The Trust Gap: Quiet AI Paradox in Georgia

A recent simulation conducted by BTUAI (Business and Technology University, Tbilisi) and Pollitics (Station F, France) reveals a striking contradiction at the center of Georgia’s emerging AI landscape. According to the modeled results, 17.8% of Georgians trust artificial intelligence systems but refuse to accept AI making important decisions about them. This is the second-largest attitude group in the simulation—larger than both full enthusiasts and outright rejecters. In other words, nearly one in five citizens occupies a carefully balanced middle ground.

The study was built using a constraint-based synthetic population grounded in official Georgian demographic statistics. Instead of surveying real respondents, researchers generated a statistically consistent virtual population reflecting age, gender, education, and regional distributions. Binary questions about trust and decision-making authority were posed to these personas. Each received contextual information, and a large language model produced probability-based responses that were aggregated to simulate national patterns. The approach does not replace empirical polling, but it offers a structured way to explore emerging social tensions where reliable data are still scarce.

The 17.8% group is not digitally excluded or technologically anxious. They are predominantly urban professionals aged 30–44, slightly more male (54%), and concentrated in Tbilisi, Imereti, and Adjara. Most have at least secondary education, many hold university degrees, and 41% use e-commerce. They interact daily with algorithmic systems—online banking, recommendation engines, logistics platforms, fraud detection tools. They understand AI’s functional value.

Yet they draw a boundary. This position mirrors patterns observed globally. International surveys show that while many people believe AI can improve efficiency and innovation, acceptance drops sharply when algorithms are used for hiring decisions, credit approvals, medical diagnoses, or judicial assessments. High-profile cases of algorithmic bias—such as discriminatory hiring tools or predictive policing controversies—have shaped public awareness worldwide. Concerns about transparency, fairness, and accountability are not abstract; they are grounded in documented experiences.

Georgia’s socio-political context adds another layer. The country has undergone rapid institutional reform over the past three decades, and public trust in institutions has fluctuated over time. In such environments, delegating authority—especially automated authority—requires more than technical proof of accuracy. It requires legitimacy.
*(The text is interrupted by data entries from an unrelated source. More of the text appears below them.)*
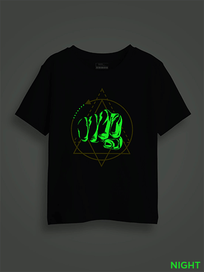 The glow-in-the-dark print on the Tshirt works similarly to radium. It absorbs light from any light source whether it’s sunlight, a tubelight, or artificial lighting and stores it. Once charged, the print will glow in the dark. Sunlight is particularly effective for charging, making the glow brighter and longer-lasting in the dark. Simply place the Tshirt in a well-lit area to activate the glow effect. For know more about this Print type You can can check out this post link Glow in dark Print or for Videos click here.?& for Customer’s Shared Photos or Our Gallery Pagespan>?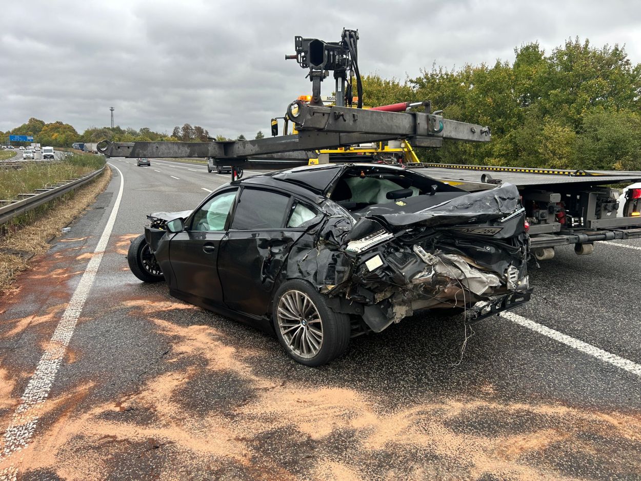 Aktuell (Stand 12 Uhr) laufen noch Reinigungsarbeiten an der Unfallstelle. In Fahrtrichtung Norden ist derzeit nur eine Fahrspur frei, wodurch es zu deutlichen Verkehrsbehinderungen und Rückstau kommt.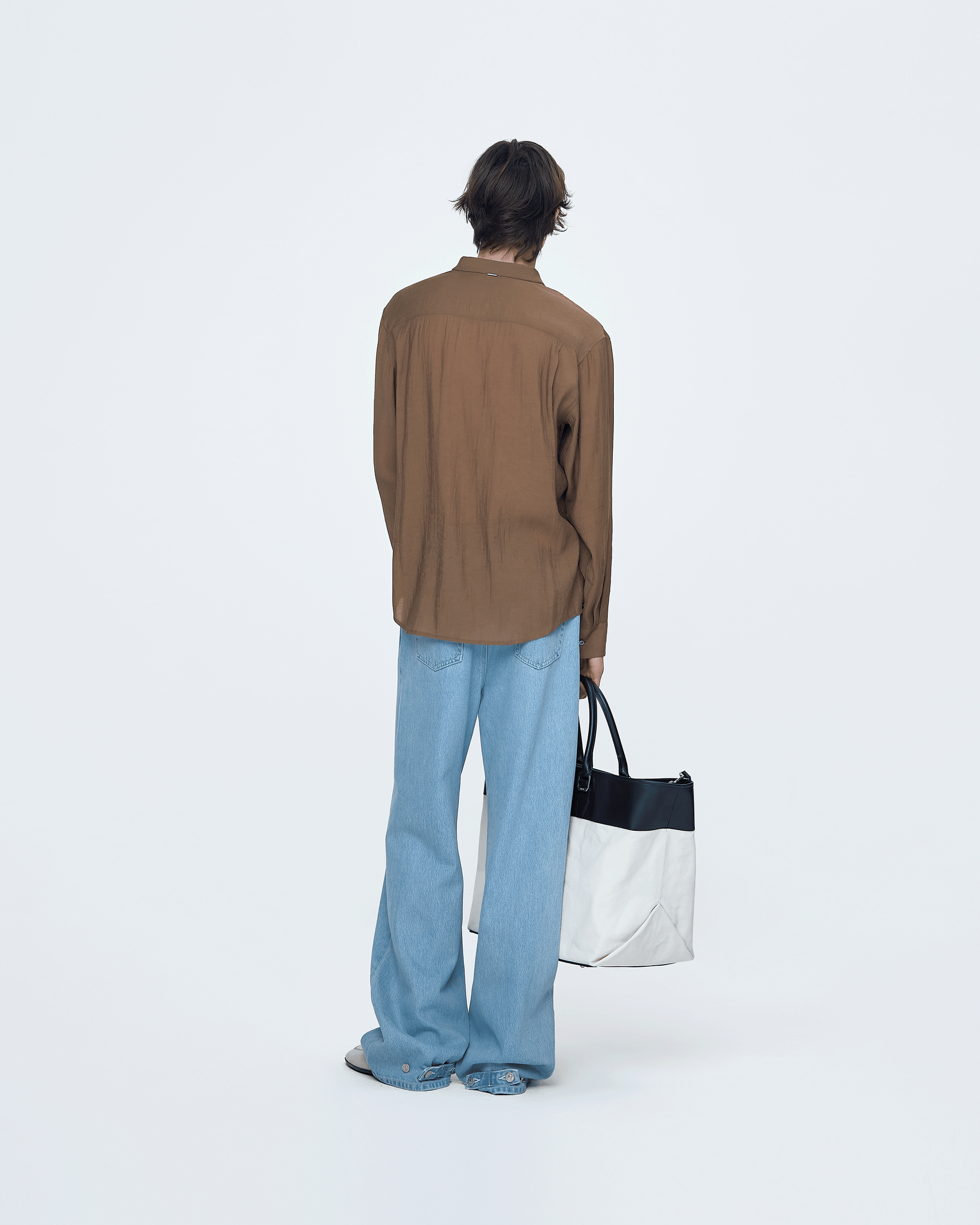 The subtle sheer texture and naturally wrinkled surface combine to create a light and sophisticated look. The naturally flowing silhouette offers a comfortable fit, and the clean shirt collar and hidden button closure complete the minimalist aesthetic. The loose sleeves and button cuffs create a balanced overall look, making this piece versatile enough to be worn alone or with slacks or denim for a variety of looks.

For many in this demographic, AI is acceptable as a tool that supports human decision-makers, but not as a final arbiter.
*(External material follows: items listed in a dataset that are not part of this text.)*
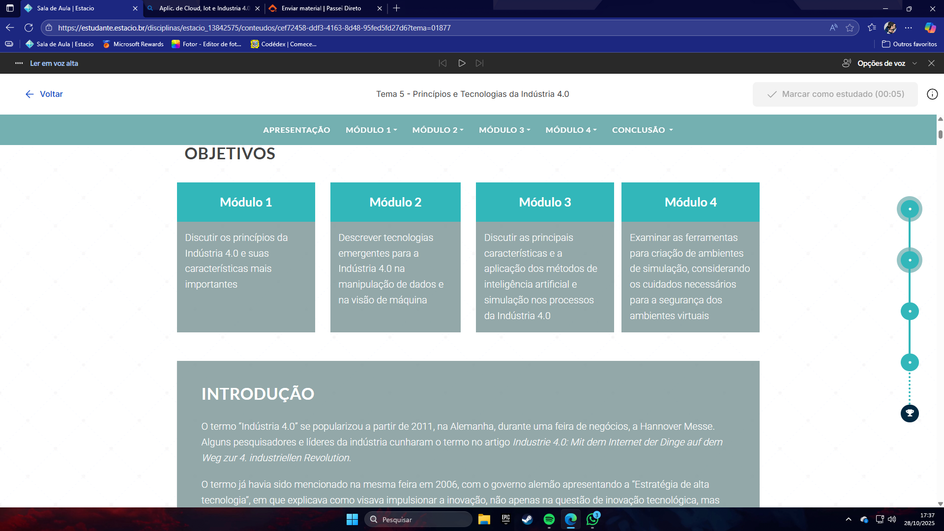 Sala de Aula Estacio Aplic. de Cloud, lot e Industria 4.0 X Enviar material Passei Direto + X A" Sala de Aula Estacio Microsoft Rewards Fotor Editor de fot... Codédex Comece... Outros favoritos Ler em alta DI Opções de voz X Voltar Tema 5 Princípios e Tecnologias da Indústria 4.0 Marcar como estudado (00:05) i APRESENTAÇÃO MÓDULO 1 MÓDULO 2 MÓDULO 3 MÓDULO 4 CONCLUSÃO OBJETIVOS Módulo 1 Módulo 2 Módulo 3 Módulo 4 Discutir os princípios da Descrever tecnologias Discutir as principais Examinar as ferramentas Indústria 4.0 e suas emergentes para a características e a para criação de ambientes características mais Indústria 4.0 na aplicação dos métodos de de simulação, considerando importantes manipulação de dados e inteligência artificial e cuidados necessários na visão de máquina simulação nos processos para a segurança dos da Indústria 4.0 ambientes virtuais INTRODUÇÃO termo "Indústria 4.0" se popularizou a partir de 2011, na Alemanha, durante uma feira de negócios, a Hannover Messe. Alguns pesquisadores e líderes da indústria cunharam termo no artigo Industrie 4.0: Mit dem Internet der Dinge auf dem Weg zur 4. industriellen Revolution. 0 termo já havia sido mencionado na mesma feira em 2006, com governo alemão apresentando a "Estratégia de alta tecnologia", em que explicava como visava impulsionar a inovação, não apenas na questão de inovação tecnológica, mas Pesquisar EPIC 17:37 28/10/2025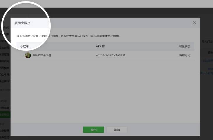 微信公众平台支持两种方式设置小程序展示在“附近的小程序”。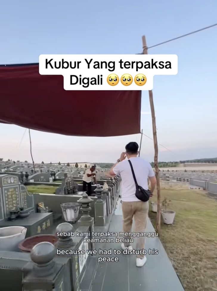 Baru-baru ini, tular sebuah video memaparkan seorang lelaki berbangsa Cina berkongsi momen ketika kubur mendiang ayahnya digali semula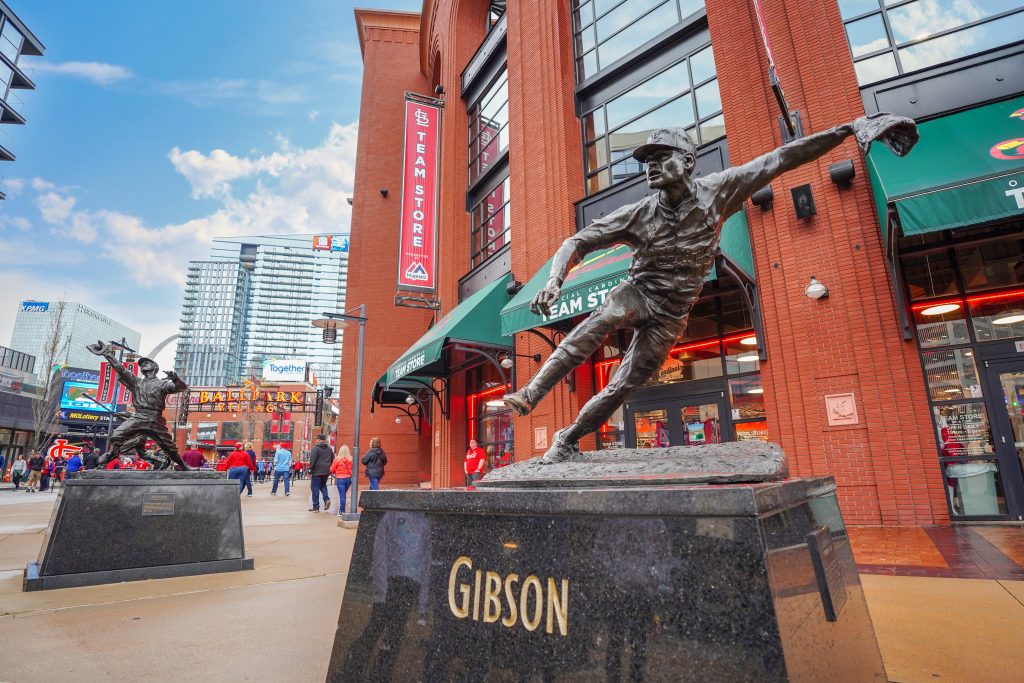 At the corner of Clark and 8th Street, near the Team Store, you’ll find a series of smaller statues honoring Cardinals Hall of Famers – Bob Gibson, Enos Slaughter, Dizzy Dean, Rogers Hornsby, Red Schoendienst, Lou Brock, Ozzie Smith, Cool Papa Bell, George Sisler, and a smaller version of Stan Musial. While their statues haven’t been added yet, fans are eagerly hoping that Yadier Molina, Adam Wainwright, and Albert Pujols will be next to join this legendary lineup.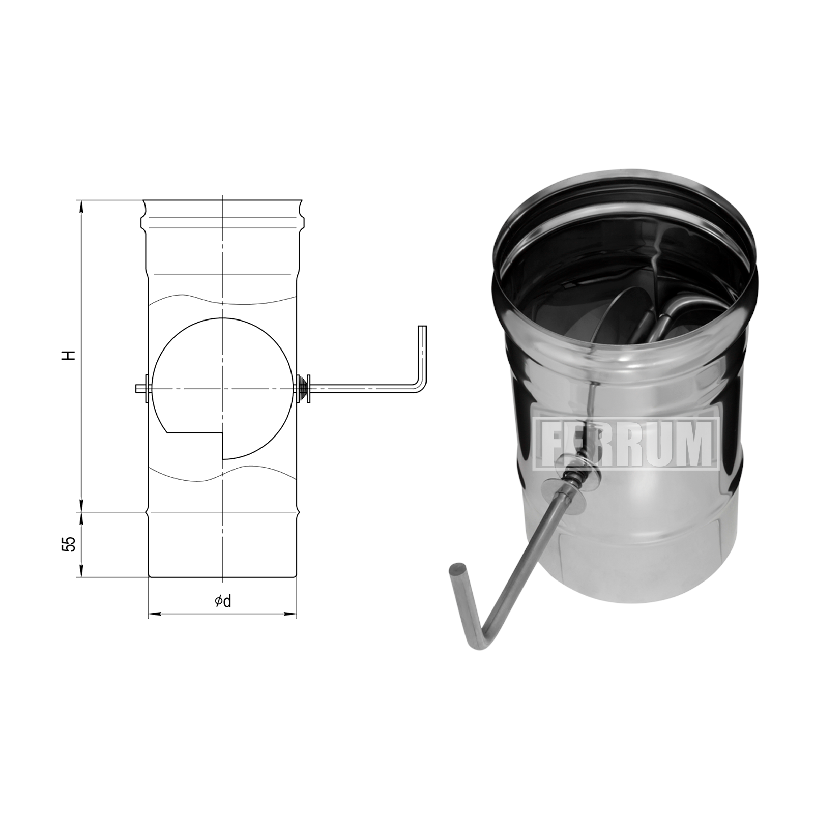 Шибер поворотный нерж. 150 (430/0.8мм) Ferrum//23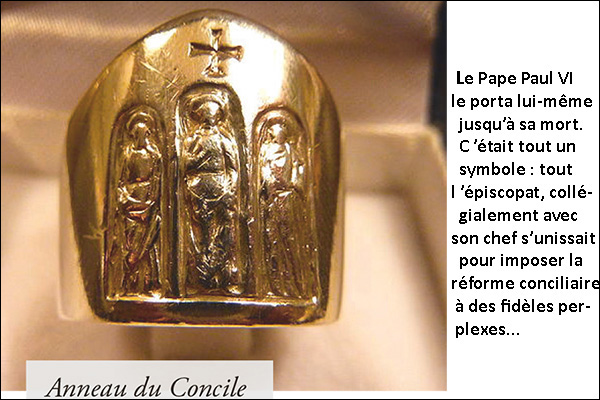 Mais revenons à l’anneau du Concile. Le pape Paul VI l’offrit à tous les évêques du monde le 6 décembre 1965, avant-veille de la clôture de Vatican II. Beaucoup se mirent à le porter à la place de leur anneau épiscopal. Le pape lui-même le porta jusqu’à sa mort abandonnant le traditionnel anneau du pécheur. C’était tout un symbole : tout l’épiscopat collégialement avec son chef s’unissait pour imposer la réforme conciliaire à des ; fidèles perplexes.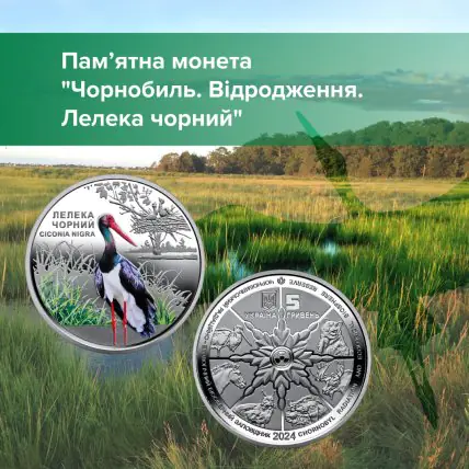 Это монета "Чернобыль. Возрождение. Аист черный", ее номинал 5 грн. Об этом сообщает пресс-служба НБУ.
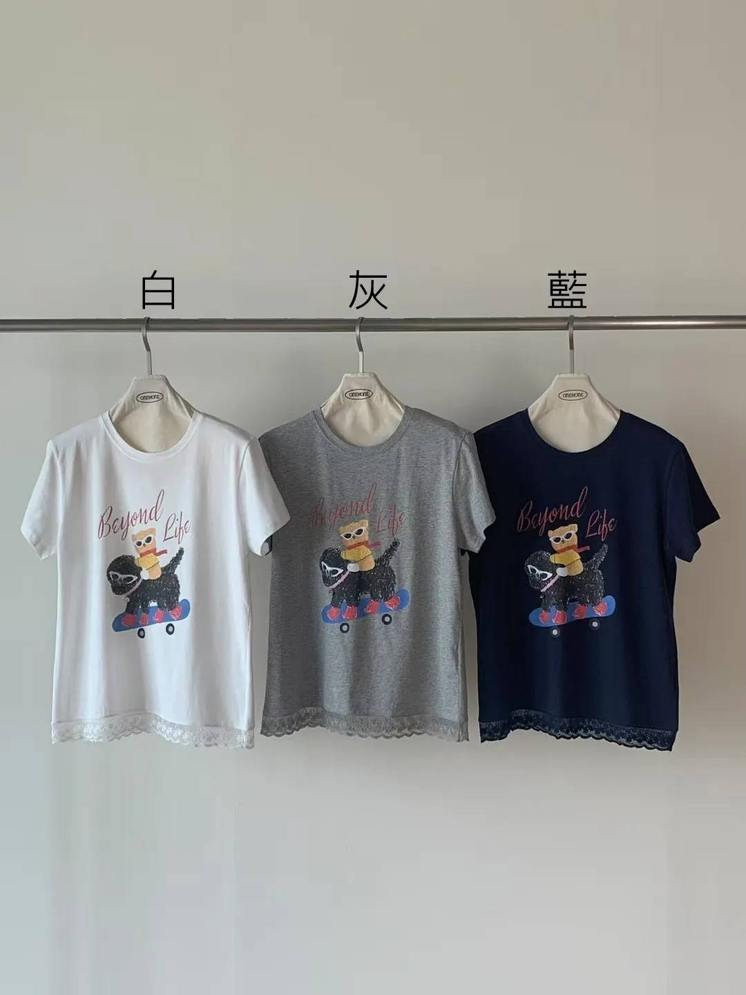 棉 柔軟舒適 插畫可愛熊狗滑板車 下擺精緻蕾絲 夏天舒適

The trust-without-acceptance stance therefore reflects conscious boundary-setting. It suggests that citizens differentiate between capability and authority. They may trust AI to analyze data faster than humans, detect patterns, or optimize systems. But when outcomes directly affect employment, finances, or legal standing, they prefer human oversight and the possibility of appeal.
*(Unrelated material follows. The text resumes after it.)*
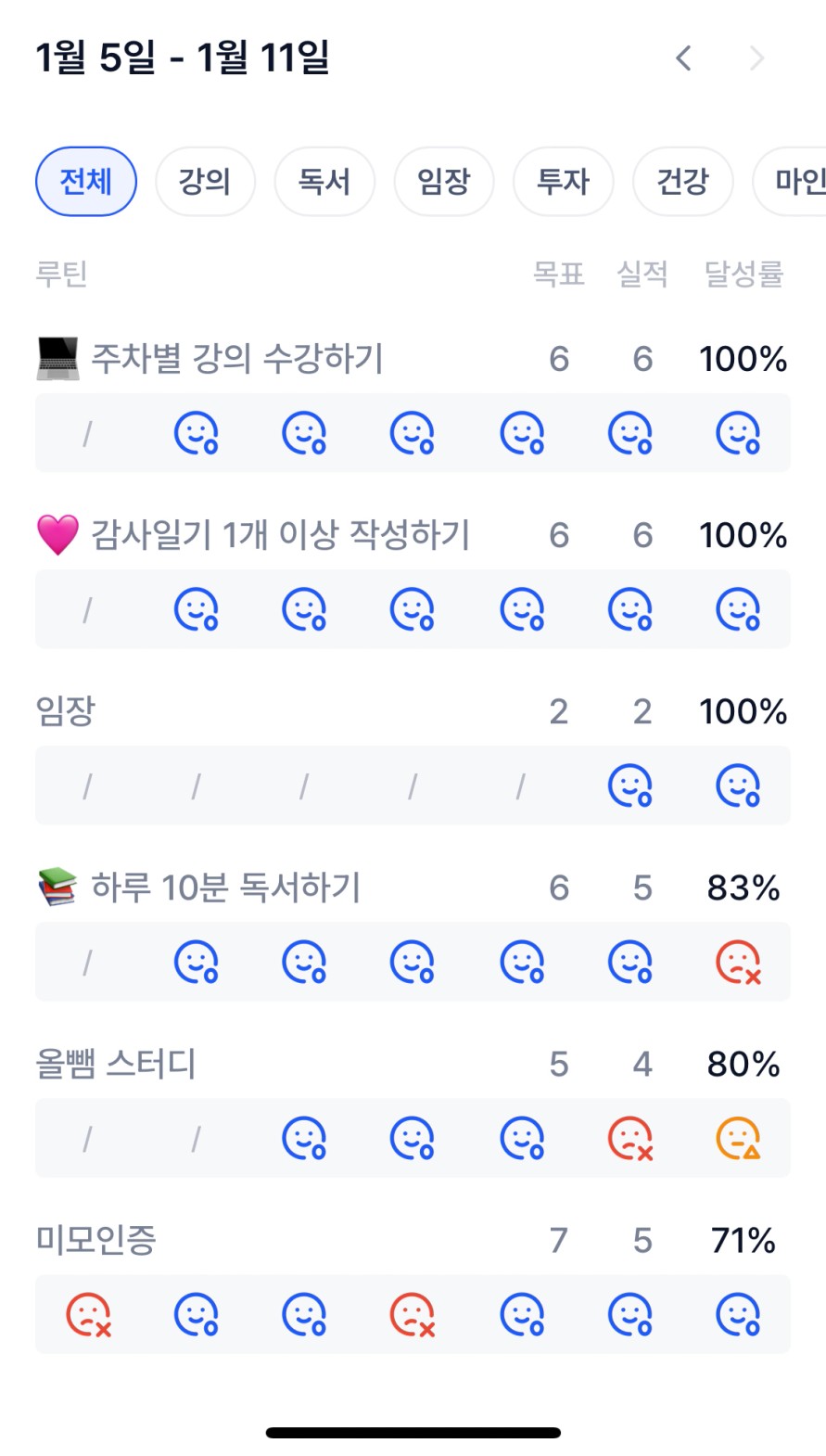 ์ด๋ฒ์ฃผ๋ถํฐ ๋ชฉ์ค๊ฐ์ ์งํฌ๊ธฐ ๋ฏธ๋ชจ/์ฌ๋บํ์ฅ์ผ๋ก์ ์ ๋๋ก ํ๋ํ๊ธฐ ์ํด์ ์๋ก์ด ํญ๋ชฉ์ ์ถ๊ฐํ์ฌ ์ด๋ฒ์ฃผ๋ฅผ ์์ํ์๋ค.

For policymakers and businesses, the implication is clear. Expanding AI adoption in Georgia will depend not only on infrastructure and digital skills but also on governance frameworks that ensure transparency and responsibility. Hybrid models—where AI supports but does not replace human judgment—may align more closely with prevailing attitudes.

The simulation conducted by BTUAI and Pollitics does not predict the future, but it highlights an emerging tension. Georgia’s AI development may not be shaped by extremes of enthusiasm or rejection. It may instead be defined by citizens who trust the technology—yet insist that the final decision remains human.